■ **Data supplied**
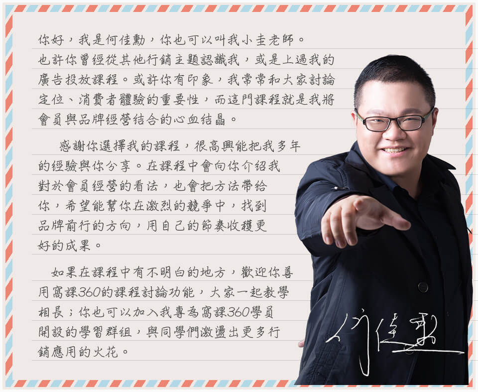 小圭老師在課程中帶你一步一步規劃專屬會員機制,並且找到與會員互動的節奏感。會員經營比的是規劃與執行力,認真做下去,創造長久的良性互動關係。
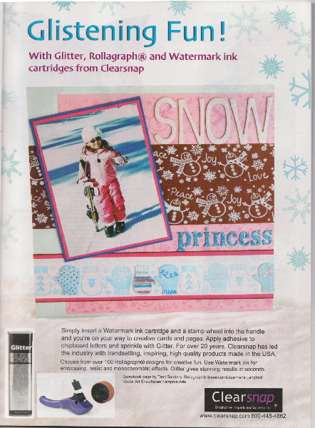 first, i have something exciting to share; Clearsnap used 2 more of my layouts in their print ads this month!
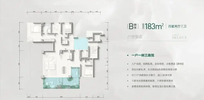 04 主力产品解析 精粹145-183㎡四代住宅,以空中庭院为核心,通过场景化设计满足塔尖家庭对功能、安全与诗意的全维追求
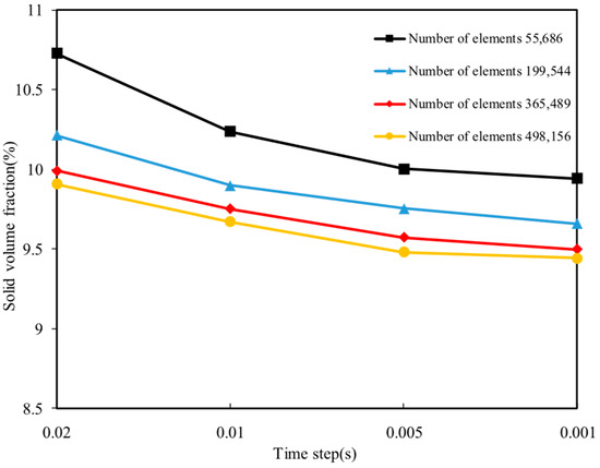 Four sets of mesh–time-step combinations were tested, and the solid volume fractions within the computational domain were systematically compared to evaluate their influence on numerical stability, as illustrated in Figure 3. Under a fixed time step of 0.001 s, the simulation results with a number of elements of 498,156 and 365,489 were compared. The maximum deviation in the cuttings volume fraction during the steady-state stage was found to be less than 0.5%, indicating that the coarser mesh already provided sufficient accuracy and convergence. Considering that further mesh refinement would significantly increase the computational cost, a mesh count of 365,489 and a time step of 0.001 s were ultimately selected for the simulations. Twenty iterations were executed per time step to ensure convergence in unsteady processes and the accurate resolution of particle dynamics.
---
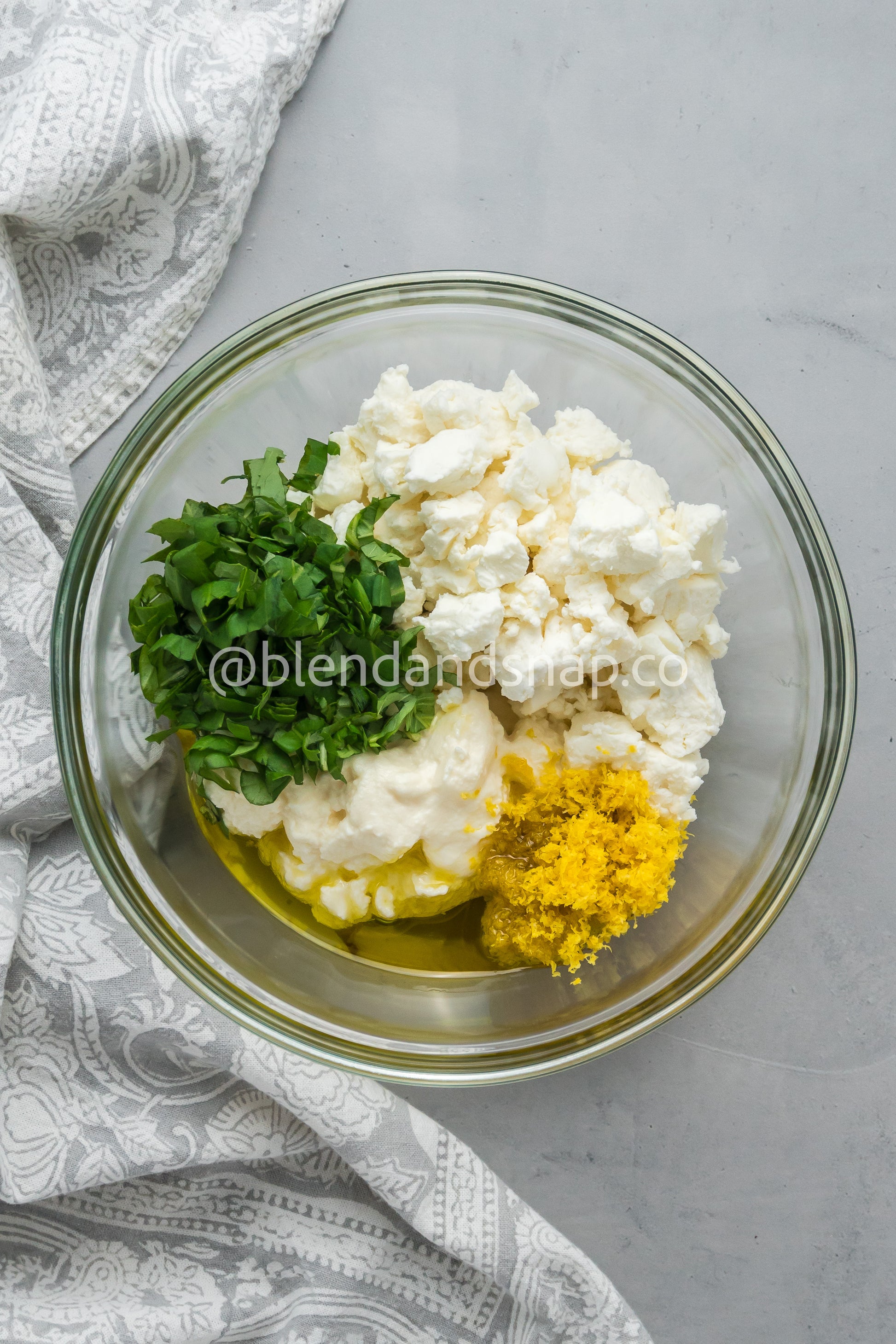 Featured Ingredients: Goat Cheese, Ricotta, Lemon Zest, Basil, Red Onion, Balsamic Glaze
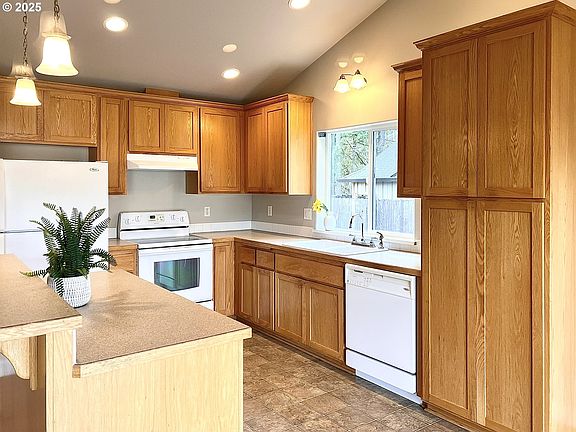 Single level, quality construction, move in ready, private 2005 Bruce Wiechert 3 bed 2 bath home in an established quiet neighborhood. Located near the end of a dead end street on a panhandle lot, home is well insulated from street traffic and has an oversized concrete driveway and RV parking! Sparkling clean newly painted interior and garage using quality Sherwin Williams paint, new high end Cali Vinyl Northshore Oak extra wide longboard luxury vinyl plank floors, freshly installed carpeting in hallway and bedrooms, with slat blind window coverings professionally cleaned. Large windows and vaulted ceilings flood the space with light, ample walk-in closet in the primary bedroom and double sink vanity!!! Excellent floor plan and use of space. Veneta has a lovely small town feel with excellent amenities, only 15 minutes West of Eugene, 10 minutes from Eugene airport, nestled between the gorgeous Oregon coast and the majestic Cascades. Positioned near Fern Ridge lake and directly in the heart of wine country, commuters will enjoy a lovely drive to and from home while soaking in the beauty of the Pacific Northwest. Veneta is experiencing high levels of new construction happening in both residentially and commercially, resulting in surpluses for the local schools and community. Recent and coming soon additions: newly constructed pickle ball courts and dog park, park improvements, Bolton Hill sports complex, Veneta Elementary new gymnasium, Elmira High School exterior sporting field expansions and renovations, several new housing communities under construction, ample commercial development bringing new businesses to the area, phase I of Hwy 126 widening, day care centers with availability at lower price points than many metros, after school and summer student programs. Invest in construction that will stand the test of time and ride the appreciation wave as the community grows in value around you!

■ **Exercise directions**
Within the listing above, print exactly the stretch beginning at the line that contains "小圭老師在課程中帶你一步一步" and finishing at the line that contains "Four sets of", ends kept, pictures left out, and nothing more.

■ **Finished task**
 小圭老師在課程中帶你一步一步規劃專屬會員機制,並且找到與會員互動的節奏感。會員經營比的是規劃與執行力,認真做下去,創造長久的良性互動關係。
 first, i have something exciting to share; Clearsnap used 2 more of my layouts in their print ads this month!
 04 主力产品解析 精粹145-183㎡四代住宅,以空中庭院为核心,通过场景化设计满足塔尖家庭对功能、安全与诗意的全维追求
 Four sets of mesh–time-step combinations were tested, and the solid volume fractions within the computational domain were systematically compared to evaluate their influence on numerical stability, as illustrated in Figure 3. Under a fixed time step of 0.001 s, the simulation results with a number of elements of 498,156 and 365,489 were compared. The maximum deviation in the cuttings volume fraction during the steady-state stage was found to be less than 0.5%, indicating that the coarser mesh already provided sufficient accuracy and convergence. Considering that further mesh refinement would significantly increase the computational cost, a mesh count of 365,489 and a time step of 0.001 s were ultimately selected for the simulations. Twenty iterations were executed per time step to ensure convergence in unsteady processes and the accurate resolution of particle dynamics.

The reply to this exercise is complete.